INFORMATION >>
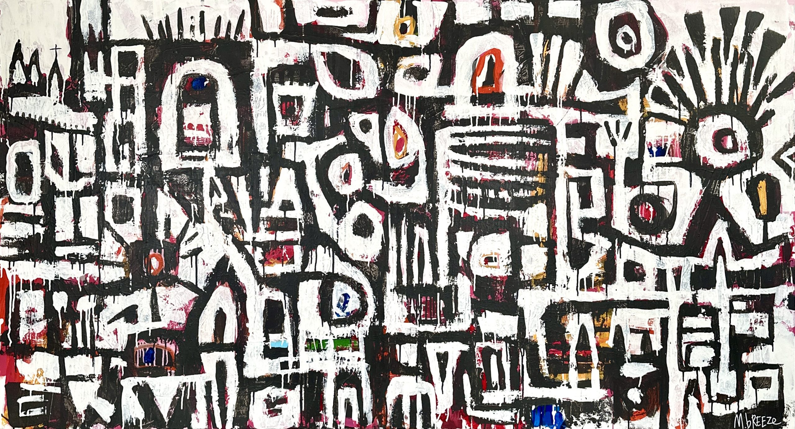 Rodriguez adopts a simplistic palette where layers intertwine, creating highlights and depth to give this piece a sense of journey and movement.
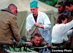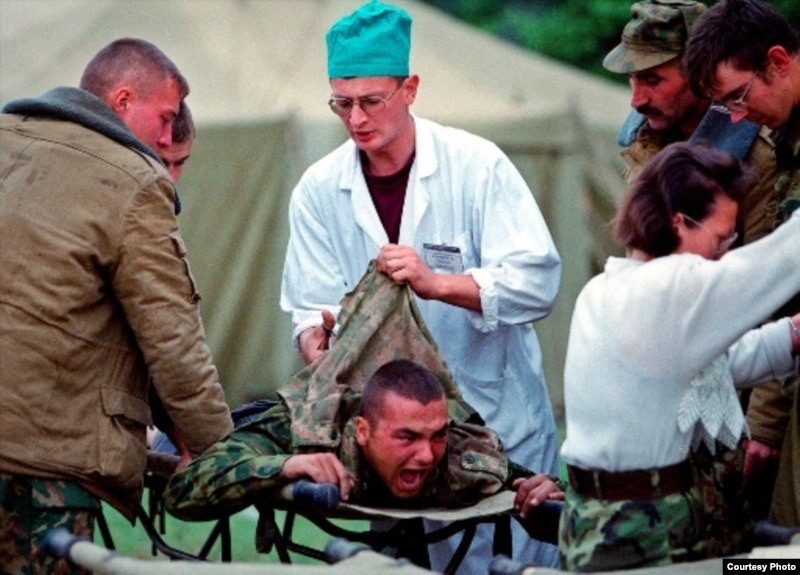 Первое, чего не умеют наши журналисты – это оказывать первую медицинскую помощь. Что делать счеловеком, которому оторвало руку или ногу, у которого проникающее ранение, который жевал на ходу бутерброд, подорвался на мине, и как не дать ему умереть, чтобы он не захлебнулся сразу тем, что он жевал – вот этому там учат. Как транспортировать раненых, как перевязывать, и все реально совершенно – с брызжущей кровью... Неделю там всех учат. Только после этого агентство имеет право отправить человека в зону боевых действий.
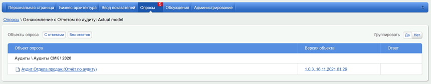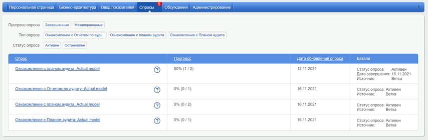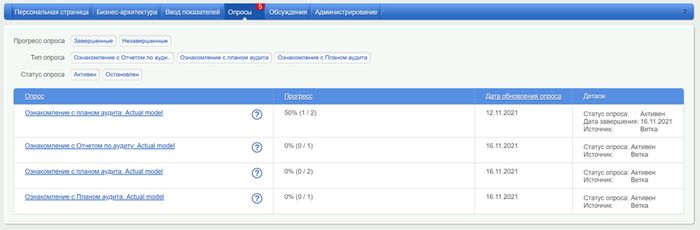 Рассмотренные выше механизмы работы с аудитами в Business Studio, были доступны еще в версии 4.2. Осенью 2020 года вышла версия Business Studio 5.0, в которой появился механизм Опросов.
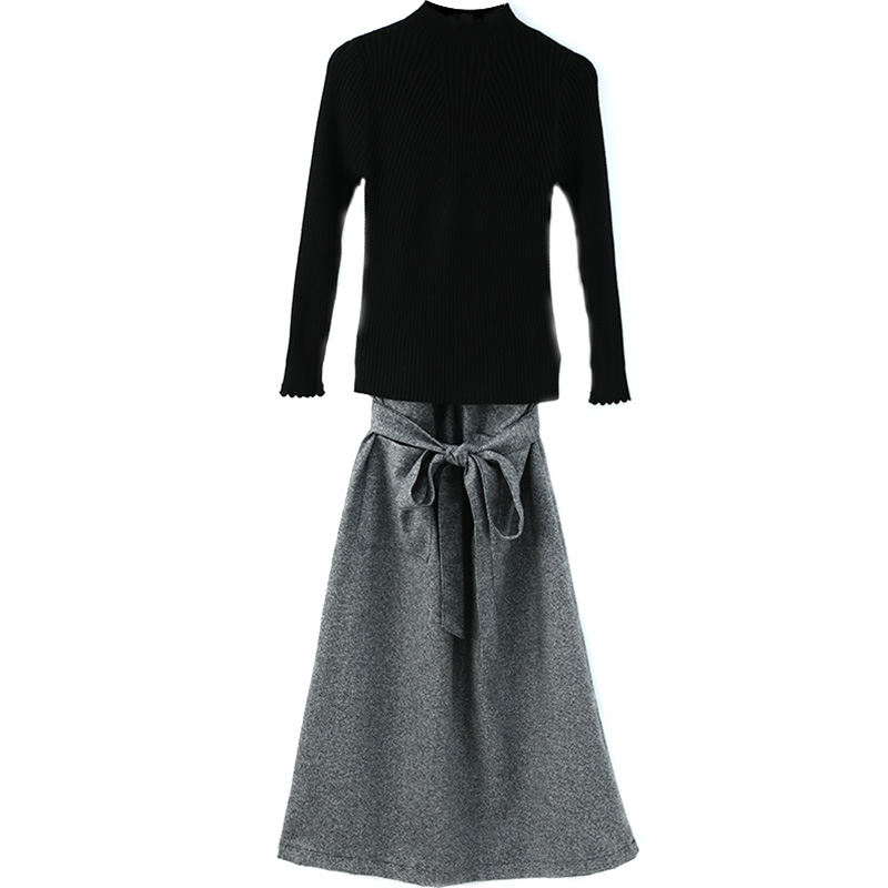 名媛毛衣兩件套女針織衫上衣2018秋季新款韓版高腰半身裙時尚套裝
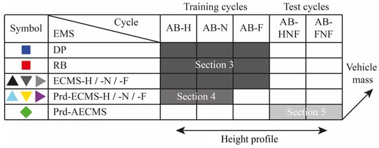In this section, the three basic EMSs and their application for HEV-HD trucks are described. In the first step, the RB and DP are described and the difference in the operating strategy is explained. The application of the ECMS is carried out by a grid iteration to identify the basic EF. The results from this basic investigation are the ECMS-H, ECMS-N and ECMS-F, as shown in Figure 8. These EMSs are specifically tuned for the training cycles, which is indicated by the last letter referring to the height profile. Based on the insights from Section 3, a predictive battery discharge (PBDis) function is developed in Section 4. Here, the focus is on the training cycles with distinct height profile. In Section 5, the predictive EMSs are extended by an adaptive feature and combined in one functional structure. The resulting Prd-AECMS is investigated on the test cycles to evaluate how well the operating strategy is adjusted to the changing boundary conditions. A final comparison of the Prd-AECMS with the other EMSs is carried out for all cycles and different vehicle masses and is described in Section 6.
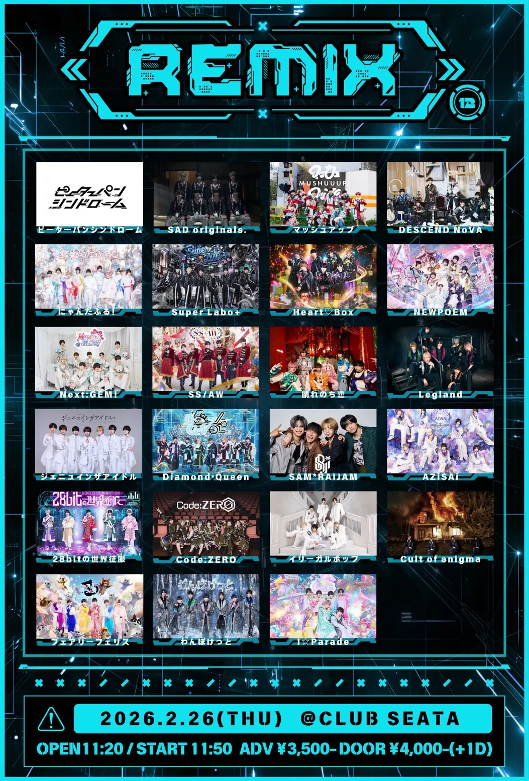出演者 マッシュアップ / H@ng_oveR / WAAARZ / 28bitの世界征服 / プレアデス / Ab7Prince / NEWPOEM / STRAY DOGs / Se2aN⤵︎ ︎ / Once More / Zolpidem / Code:ZERO / SS/AW / にゃんだふる! / ユメカウツツカ / Heart♡Box / Diamond Queen / Super Labo+ / 髑ドク / サクラサク / レミニセンスパレード / RE:MODE / ノクトクライス / Next:GEM! / バトラブ! / UN9UE / Freak Out X

YOUR OBJECTIVE >> Beginning with the first line of the material above, please output each line exactly through the line that contains "名媛毛衣兩件套女針織衫上衣2018秋季新款韓版高腰半身裙時尚套裝", and only those, leaving out pictures.

EXPECTED OUTPUT >>
 Rodriguez adopts a simplistic palette where layers intertwine, creating highlights and depth to give this piece a sense of journey and movement.
 Первое, чего не умеют наши журналисты – это оказывать первую медицинскую помощь. Что делать счеловеком, которому оторвало руку или ногу, у которого проникающее ранение, который жевал на ходу бутерброд, подорвался на мине, и как не дать ему умереть, чтобы он не захлебнулся сразу тем, что он жевал – вот этому там учат. Как транспортировать раненых, как перевязывать, и все реально совершенно – с брызжущей кровью... Неделю там всех учат. Только после этого агентство имеет право отправить человека в зону боевых действий.
 Рассмотренные выше механизмы работы с аудитами в Business Studio, были доступны еще в версии 4.2. Осенью 2020 года вышла версия Business Studio 5.0, в которой появился механизм Опросов.
 名媛毛衣兩件套女針織衫上衣2018秋季新款韓版高腰半身裙時尚套裝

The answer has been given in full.